Een parallel is er weer wel als het gaat om gedrag en uiten van de autonomie. Daar zijn dokters en docenten niet anders dan andere professionals. Ze zijn de kern van de dienstverlening in de sector, ze zijn en voelen zich onmisbaar. Ze hebben de neiging autonoom en ongepast gedrag ook daar te vertonen waar dat niet op de professie stoelt (je niet aan regels houden, te laat komen, geen gezag aanvaarden. Ze zijn snel emotioneel. Ze begrijpen het functioneren van een organisatie niet en hebben daar lak aan, want ze zijn er voor de patiënt of de leerling. En ze hebben om die reden wantrouwen tegen managers).
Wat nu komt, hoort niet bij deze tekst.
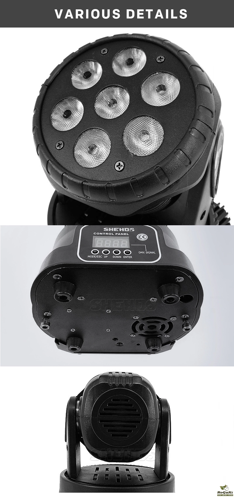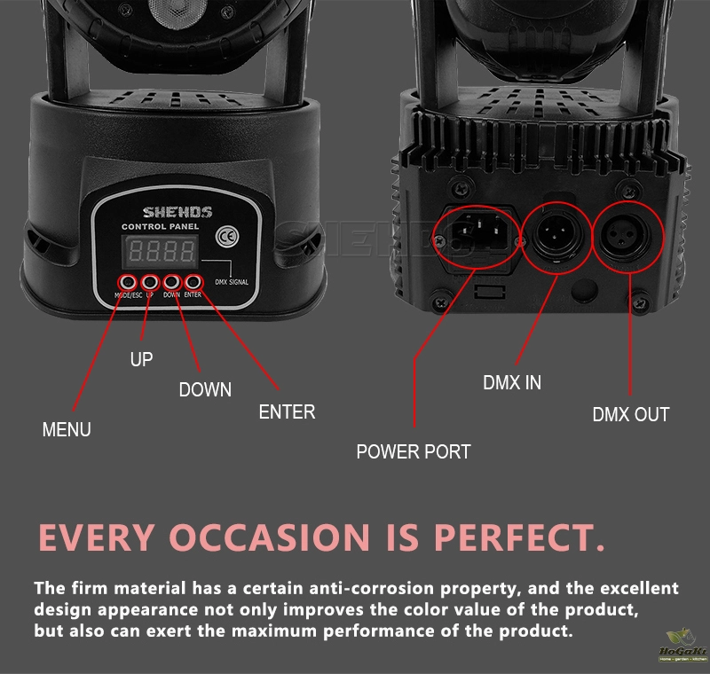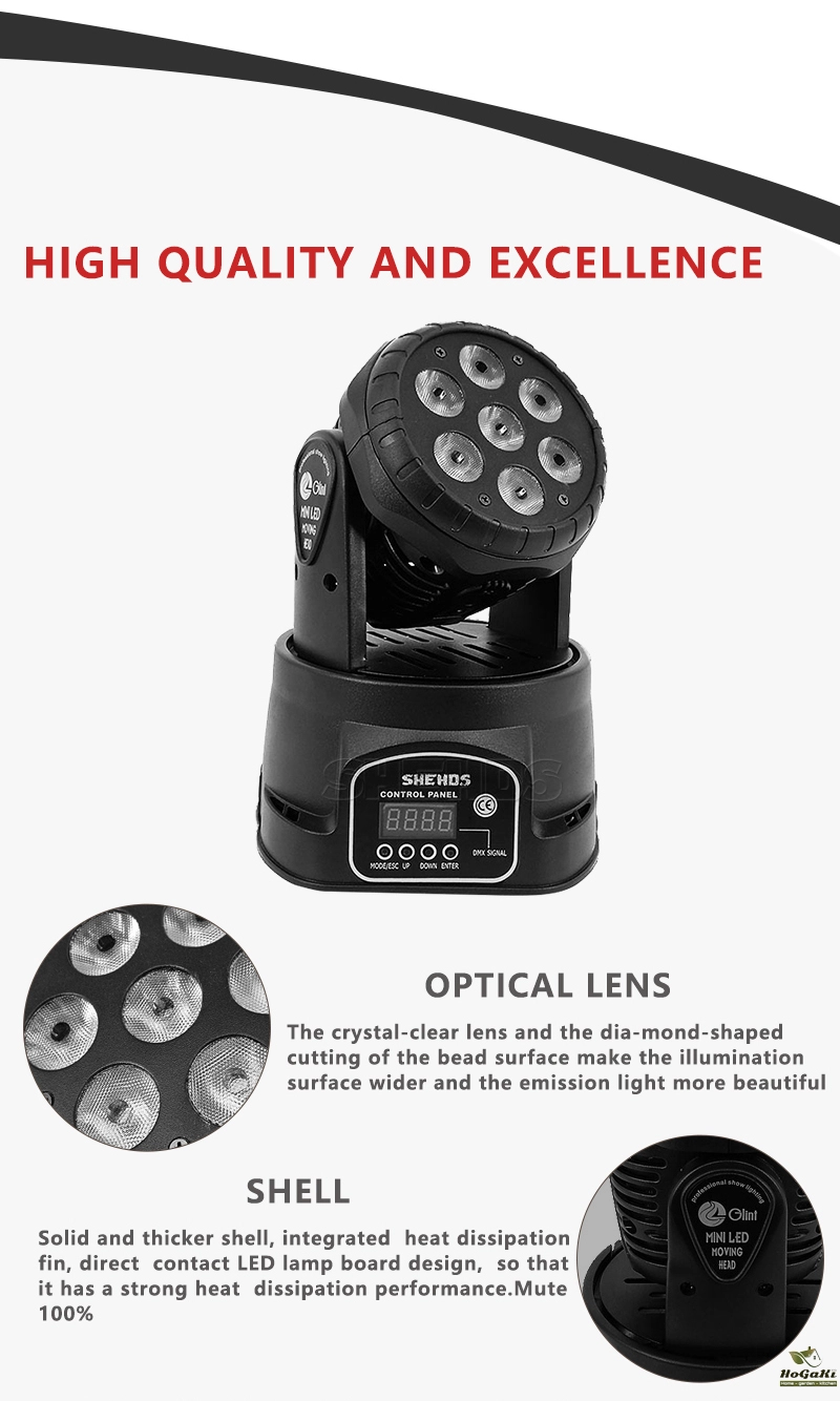 6.Control Mode:DMX512,Auto Run,Sound action,Strobe,Stand Aloneand/Master/Slave,With Rich Advanced Built-inPrograms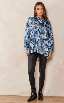 Discount ❤️ Jenerique Oversize Bowl Neck Blouse In Blue Abstract Print 👏

Zo is er een aardige vergelijking tussen beide soorten professionals te maken. Waarbij ik het merkwaardigste verschil vind dat dokters nooit publieke richtlijnen voor hun vak zullen accepteren, terwijl docenten steeds braaf de politieke en publieke richtlijnen in hun klas gaan uitvoeren. Ook al vinden ze dat het niet deugt. Als het rapport van Dijsselbloem iets heeft aangetoond, dan is het wel dat de professionals vooraf konden beredeneren waarom de volgende onderwijshervorming niet deugde, maar deze niet met hun beroepsorganisatie hebben tegengehouden en op individueel niveau braaf hebben uitgevoerd. Dat zou dokters nooit overkomen.